▶ **What needs to be done**: All lines at and after the one containing "1、右胸携帯電話入ポケット 2、左袖ペン差し 3、ループ釦", up to the end of the listing below, are to be printed exactly, with the pictures omitted.

#### Data shown ####

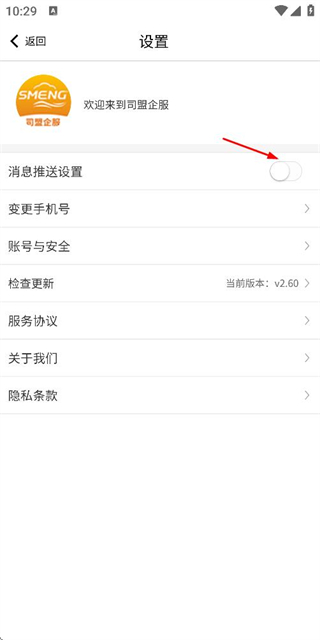 3、在设置页面找到消息推送设置,点击对应的开关按钮调整推送状态。
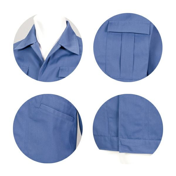 1、右胸携帯電話入ポケット 2、左袖ペン差し 3、ループ釦 4、氏名片布 5、左胸ペン差し 6、エコマーク 7、帯電防止素材使用 8、形態安定性 |
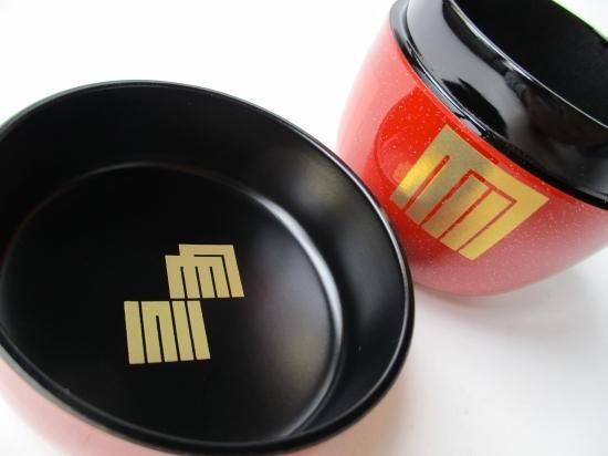 キラキラと光る砂子の朱漆の甲には紫式部、胴と蓋裏に源氏香の蒔絵がプリントされています。

####

▶ **Expected answer**:
 1、右胸携帯電話入ポケット 2、左袖ペン差し 3、ループ釦 4、氏名片布 5、左胸ペン差し 6、エコマーク 7、帯電防止素材使用 8、形態安定性 |
 キラキラと光る砂子の朱漆の甲には紫式部、胴と蓋裏に源氏香の蒔絵がプリントされています。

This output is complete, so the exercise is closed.